### INFORMATION SUPPLIED
######

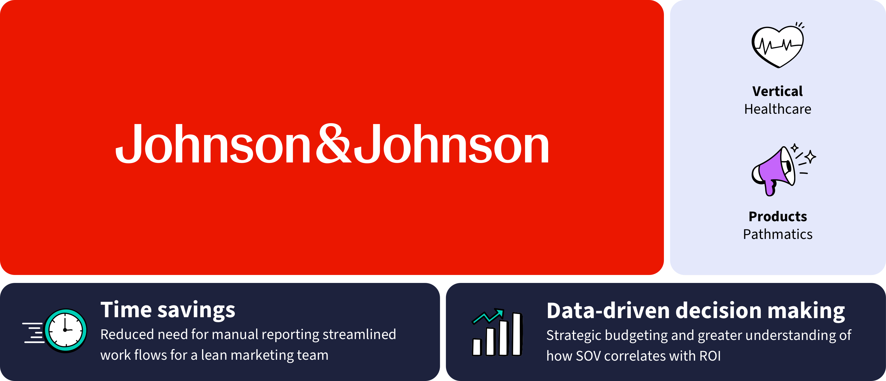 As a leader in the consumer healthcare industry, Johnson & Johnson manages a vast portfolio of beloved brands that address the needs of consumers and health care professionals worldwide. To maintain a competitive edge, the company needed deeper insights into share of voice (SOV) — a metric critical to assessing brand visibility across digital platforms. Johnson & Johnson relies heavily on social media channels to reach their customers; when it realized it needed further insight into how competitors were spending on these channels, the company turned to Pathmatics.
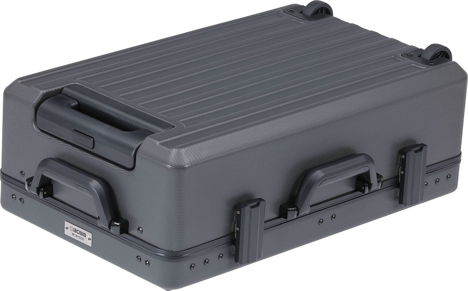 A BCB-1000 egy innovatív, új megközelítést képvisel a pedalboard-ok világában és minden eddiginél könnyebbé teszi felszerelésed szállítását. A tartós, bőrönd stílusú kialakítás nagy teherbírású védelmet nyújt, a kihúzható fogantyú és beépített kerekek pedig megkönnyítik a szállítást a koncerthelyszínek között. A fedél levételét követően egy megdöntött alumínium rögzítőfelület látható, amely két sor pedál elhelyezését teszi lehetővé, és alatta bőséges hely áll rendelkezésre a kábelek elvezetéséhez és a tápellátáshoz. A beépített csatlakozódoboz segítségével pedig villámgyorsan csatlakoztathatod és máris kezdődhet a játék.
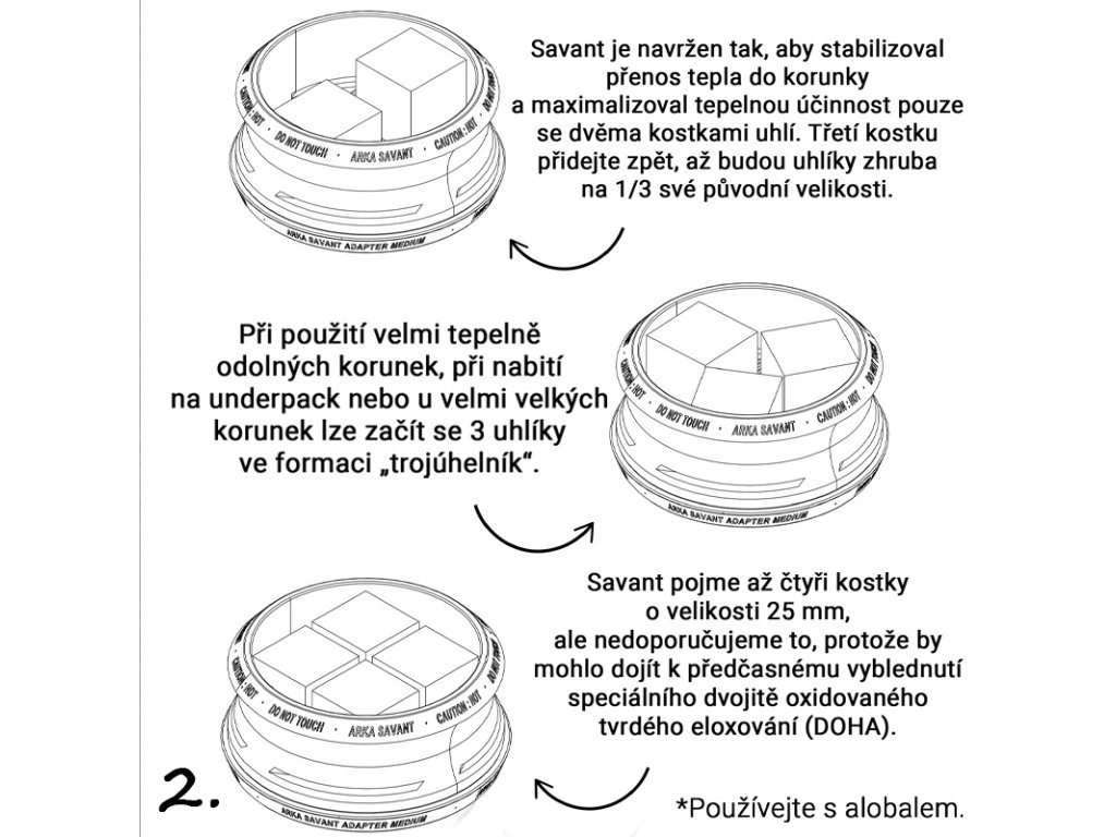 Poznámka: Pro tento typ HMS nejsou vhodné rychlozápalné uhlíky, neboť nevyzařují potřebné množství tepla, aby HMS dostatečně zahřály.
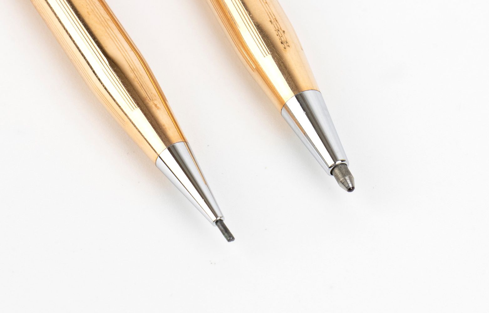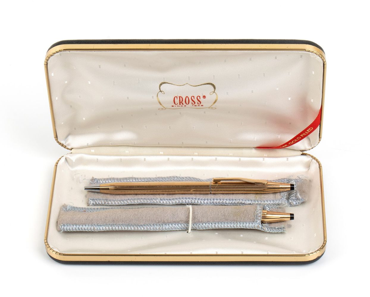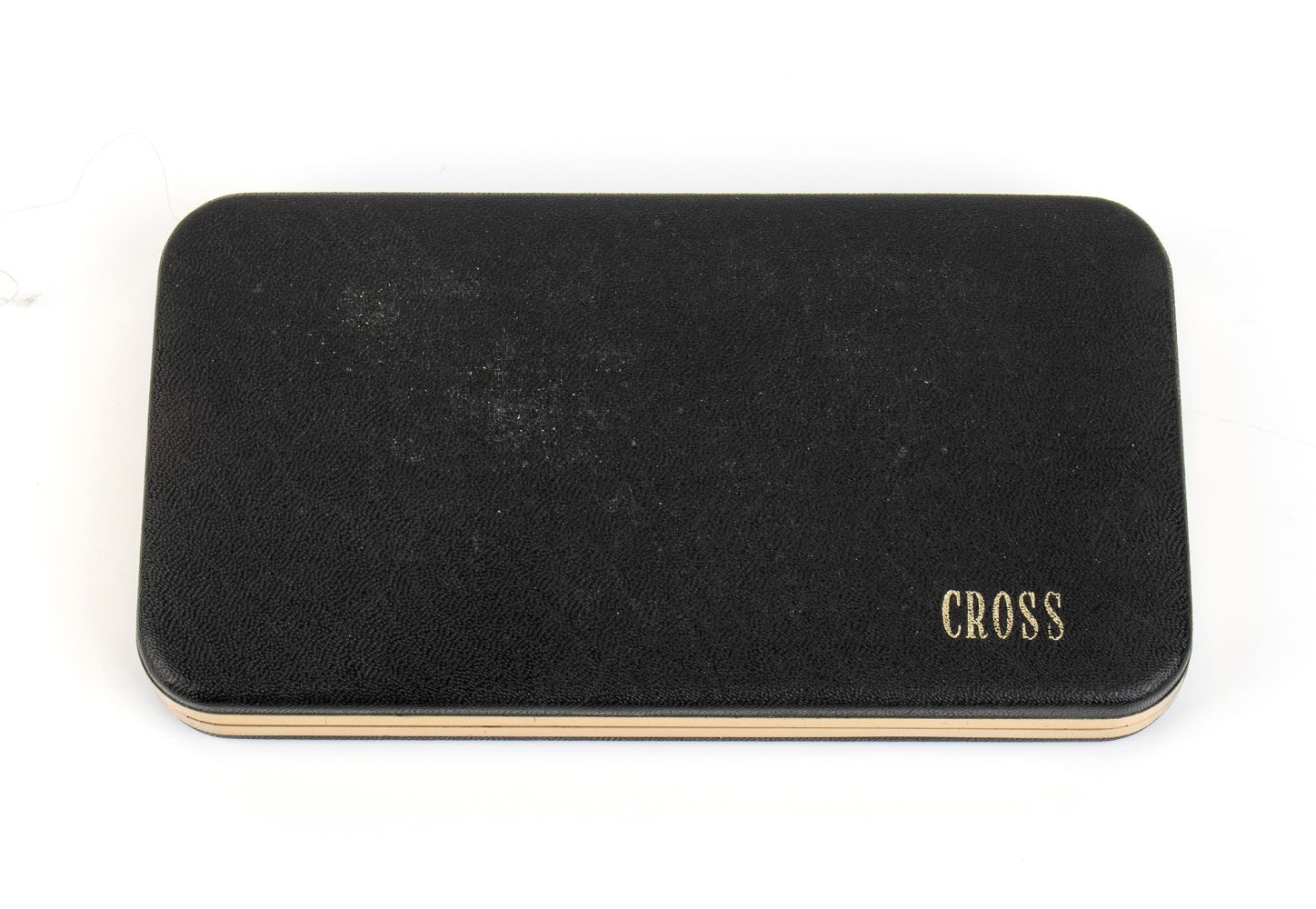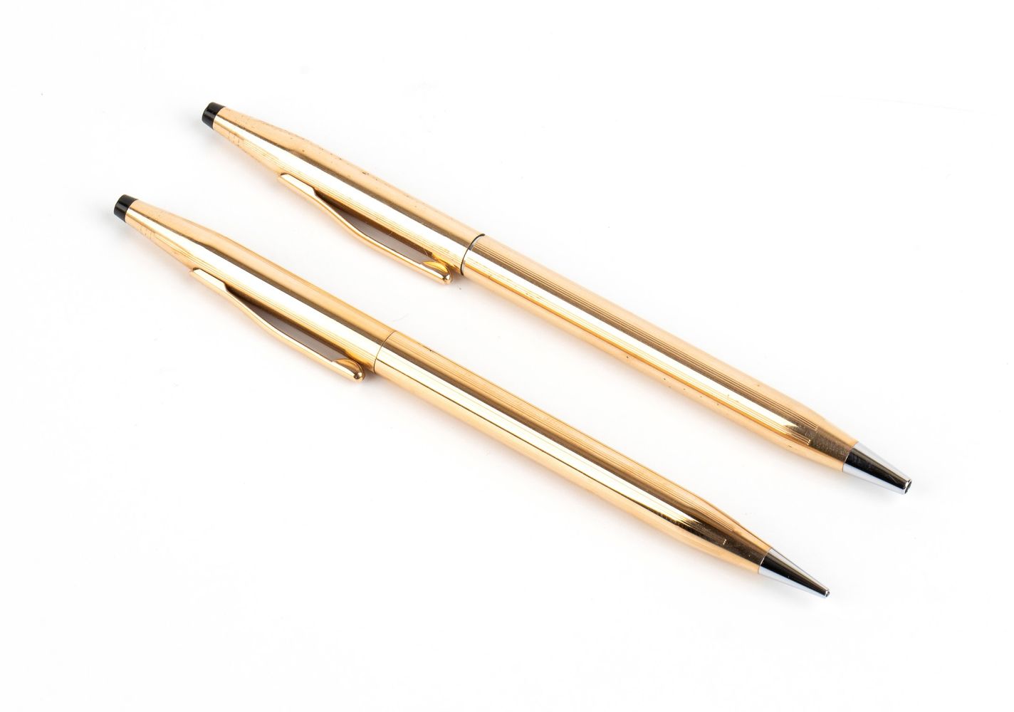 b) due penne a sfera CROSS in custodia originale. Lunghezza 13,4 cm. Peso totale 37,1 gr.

######

### TASK
Your reply should hold exactly the lines from the line containing "A BCB-1000 egy" through the final line of the listing, and none of the pictures.

### WRITTEN SOLUTION
 A BCB-1000 egy innovatív, új megközelítést képvisel a pedalboard-ok világában és minden eddiginél könnyebbé teszi felszerelésed szállítását. A tartós, bőrönd stílusú kialakítás nagy teherbírású védelmet nyújt, a kihúzható fogantyú és beépített kerekek pedig megkönnyítik a szállítást a koncerthelyszínek között. A fedél levételét követően egy megdöntött alumínium rögzítőfelület látható, amely két sor pedál elhelyezését teszi lehetővé, és alatta bőséges hely áll rendelkezésre a kábelek elvezetéséhez és a tápellátáshoz. A beépített csatlakozódoboz segítségével pedig villámgyorsan csatlakoztathatod és máris kezdődhet a játék.
 Poznámka: Pro tento typ HMS nejsou vhodné rychlozápalné uhlíky, neboť nevyzařují potřebné množství tepla, aby HMS dostatečně zahřály.
 b) due penne a sfera CROSS in custodia originale. Lunghezza 13,4 cm. Peso totale 37,1 gr.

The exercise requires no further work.